Wiest shows him a driver’s license, pays and leaves, shaking his head.

“Everything is just so complex, “ Krenzel says. “So much paper work. Every time I sell a box of shells, it takes five minutes of paper work.”

He continues, “You know we used to stay open until the bar closed at midnight and they’d come and get their supplies. Now it’s about 8:30 to 5:30. There’s nothing after that.

“And we used to buy eggs and cream, too. That was a job, candling all those eggs.”

He sells no fresh meat now except ground beef. “The meat companies used to stop here and get orders and deliver. But it doesn’t pay anymore. Now I have to drive into Harvey to get my meat.”

Krenzel has tried to sell the store, found no takers. His only out is to sell the stock.

Have Selz people been buying in Harvey? Krenzel smiles, “Oh, yes. But they’ve been good to me and loyal. Maybe if I was 20 years younger…”

As happens to all small-town grocers. Krenzel’s legs are giving out. That comes from 21 years of standing behind a counter and sweeping out and oiling the wooden floor and bending and lifting to stock the shelves.

A small boy, Randy Richter, 5 wanders in. “Hi, I hear you’re selling the store.”

Mrs. Kline smiles, “That’s right. You want to buy it?”

Randy ponders. “Well, I guess not.”

Business is slow and sporadic during the morning. Around noon there’s a pretty good flurry and Krenzel says it that way, “Pretty good flurry.”

Krenzel thinks he’ll be able to keep busy after the store closes – pumping some gas, being postmaster and selling some insurance.

”I just don’t know, “he says. “We’ll be staying here, temporarily anyway. Maybe as long as there’s a post office. I got 231 years in will get some retirement pay.

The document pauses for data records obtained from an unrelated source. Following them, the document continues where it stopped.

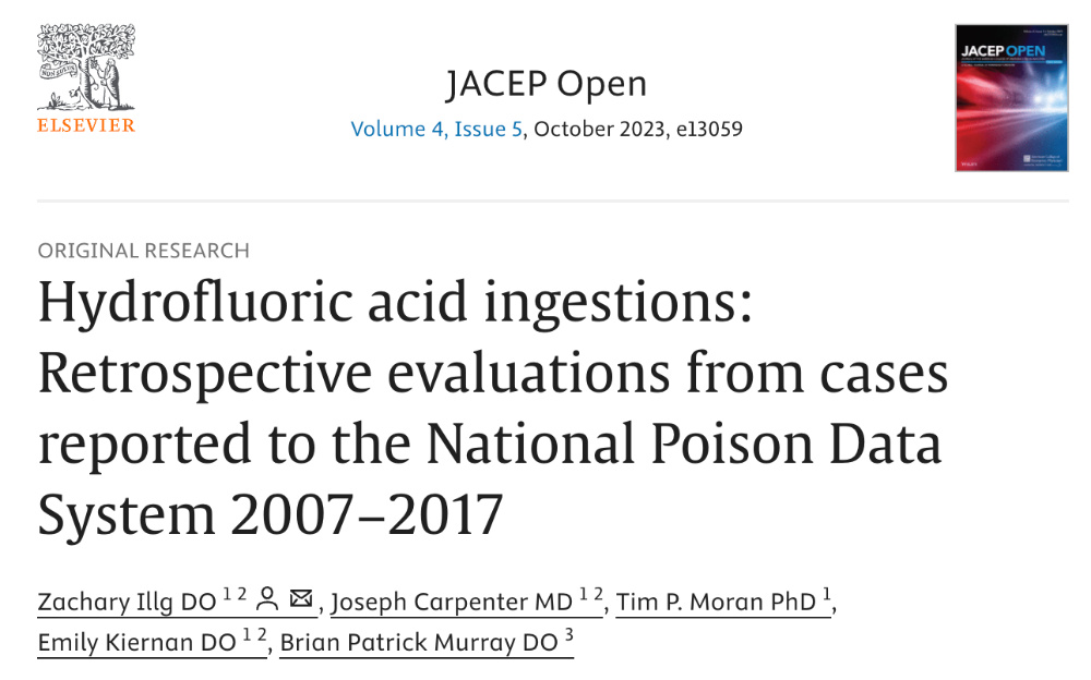2023年,美国埃默里大学医学院急诊医学系的研究人员做了一项关于氢氟酸中毒报告案例的回顾性评估,通过分析2007 年至2017年10 年间美国国家中毒数据系统(NPDS)收到的653 例氢氟酸中毒案例(其中 142 例纳入最终数据分析),得出结论:45.8% 的氢氟酸中毒案例导致了严重后果;6.3%的案例死亡;近一半的氢氟酸暴露(46.5%)是由于将氢氟酸转移到了未贴标签的储存容器中;让人意外的是,最常见的氢氟酸暴露地点是个人住所(78.2%),其次是工作场所(16.2%)。
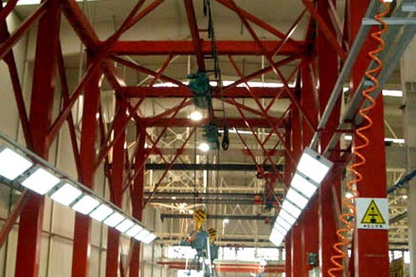 懸掛輸送機廣泛應用于連續地在廠內輸送各種成件物品和裝在容器或包內的散裝物料,也可在各個工業部門的流水線中用來在各工序間輸送工件,完成各種工藝過程實現輸送和工藝作業的綜合機械化。
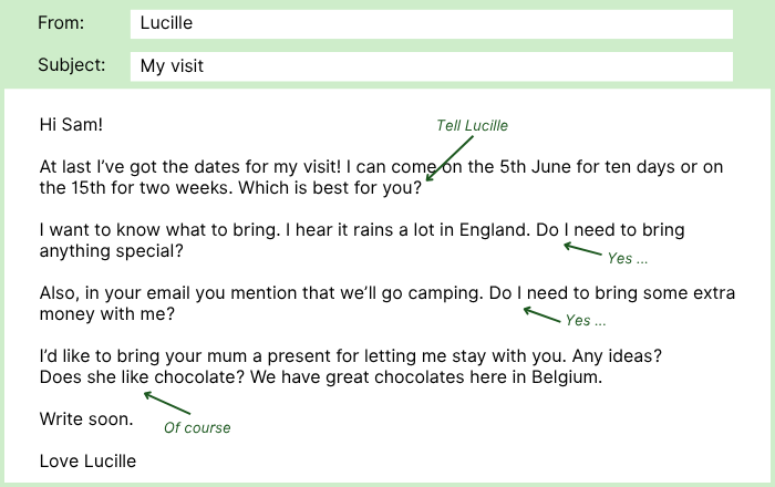 Read this email from your English-speaking friend Lucille and the notes you have made.

He is philosophical about closing the store. He accepts it as inevitable and he says, “Soon there will be no small businesses or no small farmers.”

Adam Richter, owner of the bar, walks in and pays his bill. He’s worried. “When Pius closes,” he says, “it’s bound to hurt. I’ll just have to wait and see. I know it will cut down on the traffic.”

TraffIc? It sounds like straw-grasping.

Outside, the noonday sun burns down. There are three cars and a truck on the main street. Two cars and the truck are parked in front of Adam Richter’s bar. There is one car in front of Pius Krenzel’s store.

In a couple weeks, that car will be parked in front of the bar – or gone to Harvey.